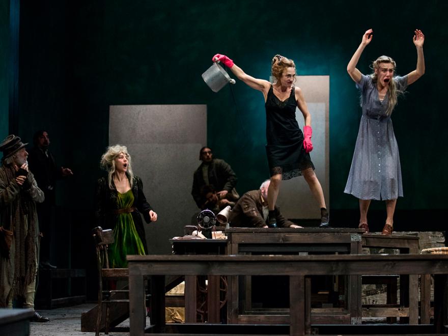 Alla sera della prima de L’albergo dei poveri alla quale ho assistito, Claudio Longhi, il direttore del Piccolo, prima dell’apertura del sipario, ha tenuto una breve presentazione dello spettacolo spiegando l’importanza che esso riveste per la storia del Teatro co-fondato da Giorgio Strehler che l’inaugurò proprio con quest’opera di Gor’kij. Ne cambiò il titolo per renderlo più vicino all’ambientazione. Era il 1947, e ora Massimo Popolizio lo ha riportato in scena, e in omaggio al grande regista triestino, ha lasciato immutato quel titolo utilizzando una nuova riduzione teatrale curata da Emanuele Trevi alla quale non sono estranei inserimenti di frammenti tratti da opere di altri autori tra i quali Cechov, Tolstoj, Puskin, fino a McCarthy. Ne è nata un’opera di co-produzione tra il Piccolo e il Teatro di Roma – Teatro Nazionale e rappresenta uno dei punti più alti dell’attuale stagione artistica del Piccolo Teatro.
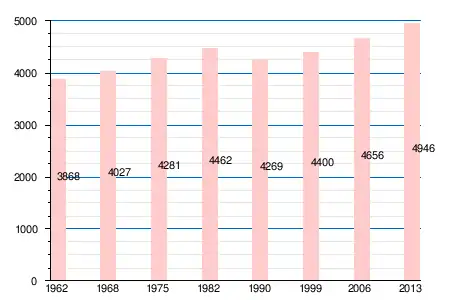 | 3868 | 4027 | 4281 | 4462 | 4269 | 4400 | 4656 | 4804 | 4966 | 4950 | 4946 |
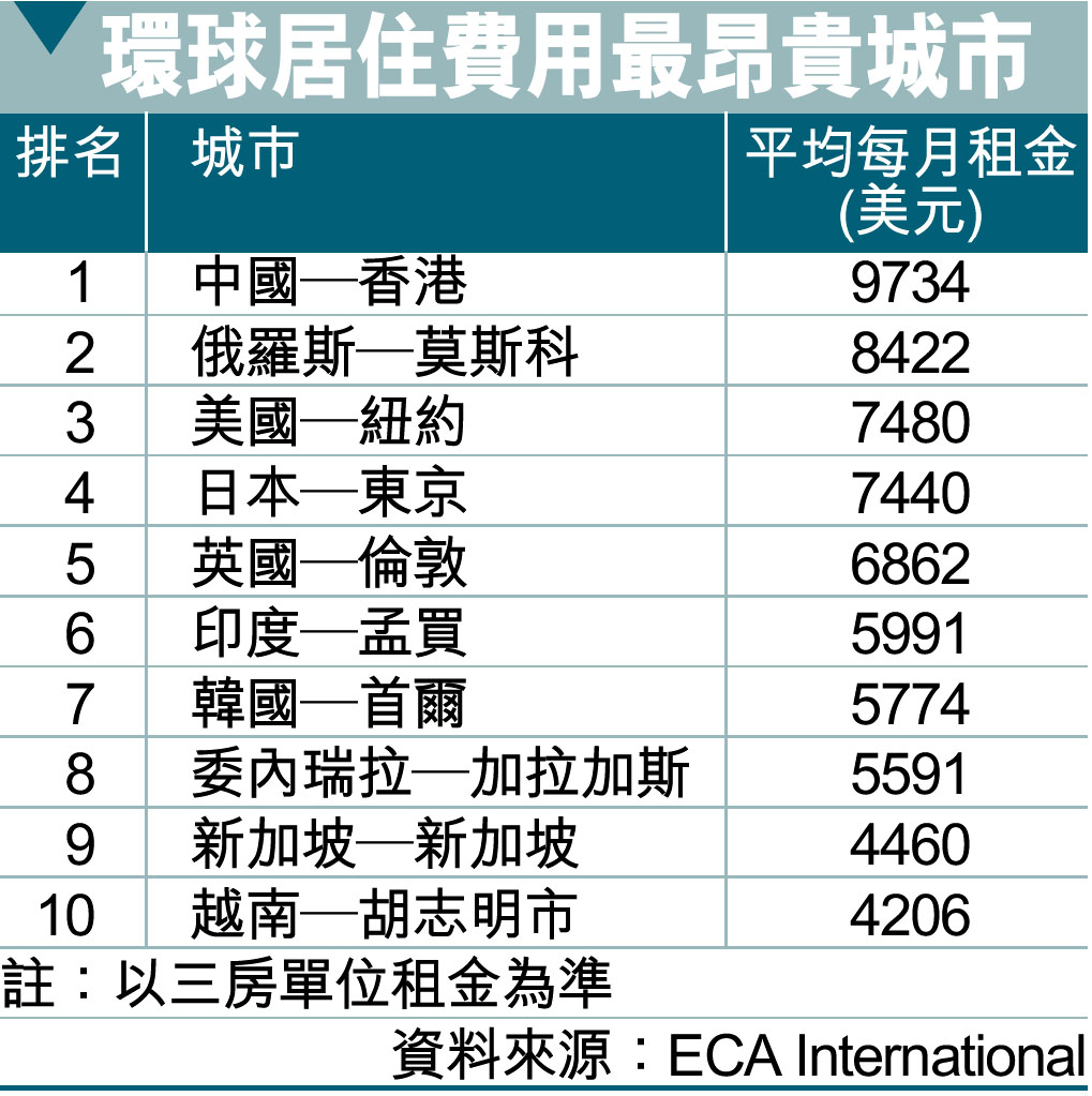 環球居住費用最昂貴城市

**Exercise instructions:**
Everything in the material must be duplicated exactly, except the pictures.

**Solution to this problem:**
 Alla sera della prima de L’albergo dei poveri alla quale ho assistito, Claudio Longhi, il direttore del Piccolo, prima dell’apertura del sipario, ha tenuto una breve presentazione dello spettacolo spiegando l’importanza che esso riveste per la storia del Teatro co-fondato da Giorgio Strehler che l’inaugurò proprio con quest’opera di Gor’kij. Ne cambiò il titolo per renderlo più vicino all’ambientazione. Era il 1947, e ora Massimo Popolizio lo ha riportato in scena, e in omaggio al grande regista triestino, ha lasciato immutato quel titolo utilizzando una nuova riduzione teatrale curata da Emanuele Trevi alla quale non sono estranei inserimenti di frammenti tratti da opere di altri autori tra i quali Cechov, Tolstoj, Puskin, fino a McCarthy. Ne è nata un’opera di co-produzione tra il Piccolo e il Teatro di Roma – Teatro Nazionale e rappresenta uno dei punti più alti dell’attuale stagione artistica del Piccolo Teatro.
 | 3868 | 4027 | 4281 | 4462 | 4269 | 4400 | 4656 | 4804 | 4966 | 4950 | 4946 |
 環球居住費用最昂貴城市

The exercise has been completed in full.